VMware Cloud Director and ALB(AVI): Adjust log retention for Events, Tasks and Audit Trail events

Working with high churn workloads within VCD instances one can expect some growing pains. Depending on the integrations, workload and churn, these instances often requires some fine tuning. Why does this blog post title contain ALB(AVI)? Great question, the high churn workload here leverages VCD with ALB and containers! That combination generates a amazing amount of tasks and events that all get stored in the VCD DB.

Before limiting what is saved, how does one track down what tables are taking up space? Running the following command, or something similar depending on your preference will provide the sizing:

select schemaname as table_schema, relname as table_name, pg_size_pretty(pg_relation_size(relid)) as data_size from pg_catalog.pg_statio_user_tables order by pg_relation_size(relid) desc;

Out of the box the VCD appliance deploys with 79GB sizing for the vpostgres mount at XL sizing.

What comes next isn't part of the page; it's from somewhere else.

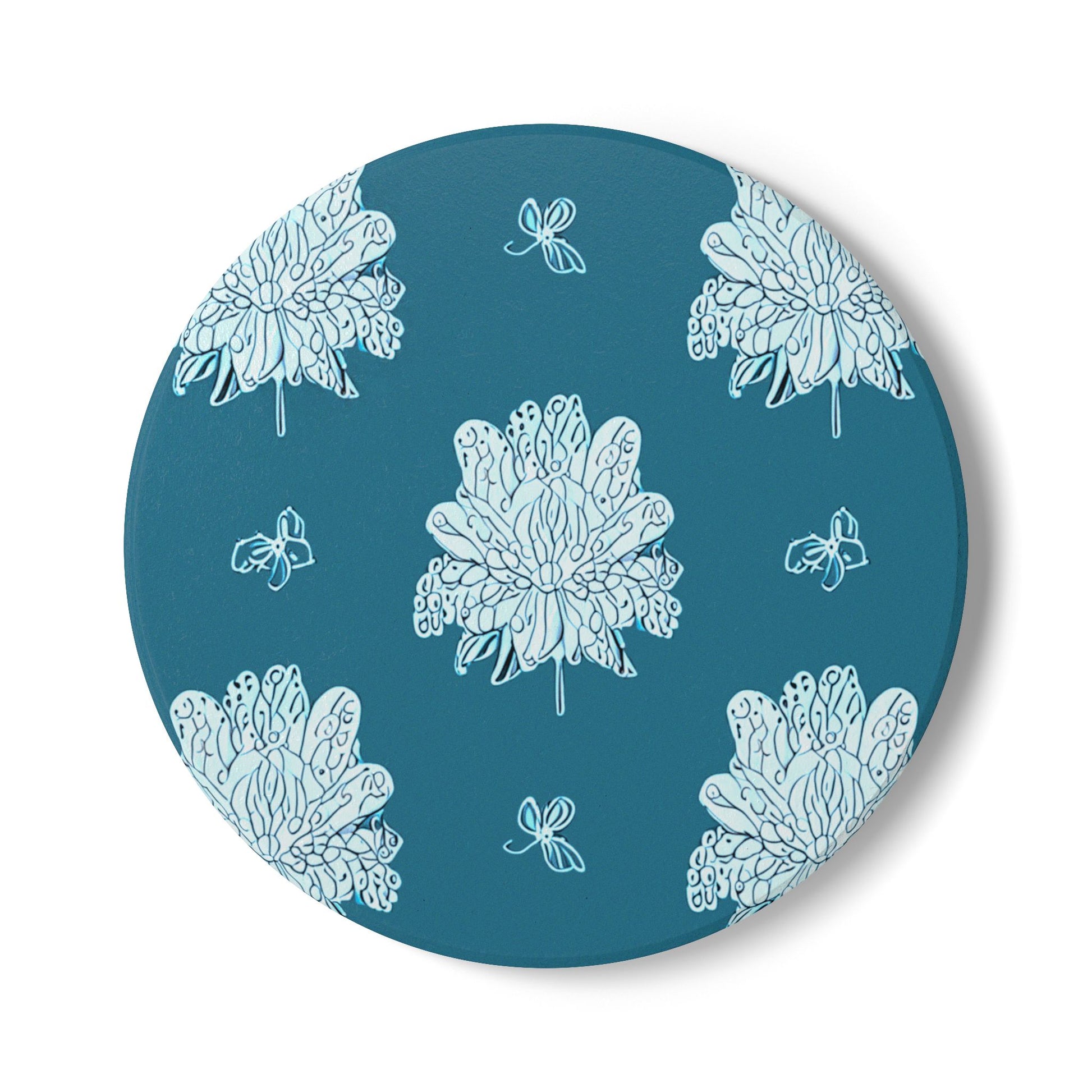 Tif Green White Floral Butterflies 4" x 4" Round Ceramic Coaster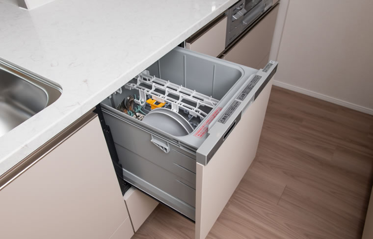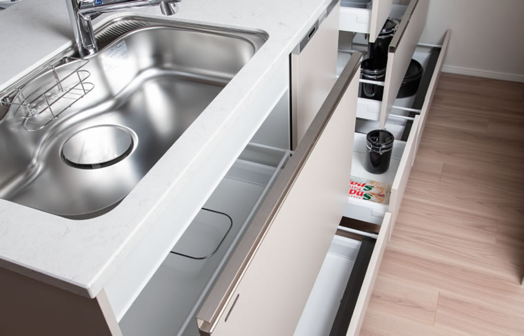 後片付けの手間を減らせ、食器の出し入れも楽な姿勢で行えるスライドオープンタイプの食器洗い乾燥機を採用しています。

Clearly this instance has been expanded but at some point expanding doesn’t solve the problem but does do a good job of masking the problem.

How does one workaround this issue?

Well, there are some choices and tradeoffs. In this case, the logs are all being shipped off to Log Insight (vRLI aka Aria Logs) instances with a very large amount of backing storage for retention reasons. Because vRLI is getting all of the data and the customer in this case is good with not having it in VCD, the choice was made to turn the retention down in the VCD instance itself.

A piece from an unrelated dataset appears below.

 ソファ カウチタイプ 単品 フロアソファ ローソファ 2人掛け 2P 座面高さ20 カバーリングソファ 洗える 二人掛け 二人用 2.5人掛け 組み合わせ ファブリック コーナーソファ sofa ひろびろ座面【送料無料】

Enter the cell management tool(CMT)!

**The commands down below are subjective to different use case and don’t quote me retention time or sizing requirements here as each instance/workload/customer is different

The following commands adjust the retention time for Events, Tasks and Audit Trail, where the -v ## represents the count of days to be stored. The change does not take effect immediately. Meaning if say… the event table was taking up 288GB and the change was made to limit the retention down to 5 days, it would not delete all records older than 5 days right away. One of the jobs related to the cleanup is ActivityLogCleanerJob which by default is set to run once per day. If required, this can be adjusted to run more frequently but could have negative performance impact. Again, adjust based on the environment and requirements.

#Command to update retention time for Events
/opt/vmware/vcloud-director/bin/cell-management-tool manage-config -n com.vmware.vcloud.events.history.days -v 10


#Command to update retention time for Audit Trail
/opt/vmware/vcloud-director/bin/cell-management-tool manage-config -n com.vmware.vcloud.audittrail.history.days -v 10
#Command to update retention time for Tasks
/opt/vmware/vcloud-director/bin/cell-management-tool manage-config -n com.vmware.vcloud.tasks.history.days -v 10

Each command should have a similar output to the following

New property being stored: Property "com.vmware.vcloud.events.history.days" has value "##"

Some extra info, the instances being tuned here are running VCD 10.4.2 and 10.5. These settings and how logs are being storage in future builds is subject to change!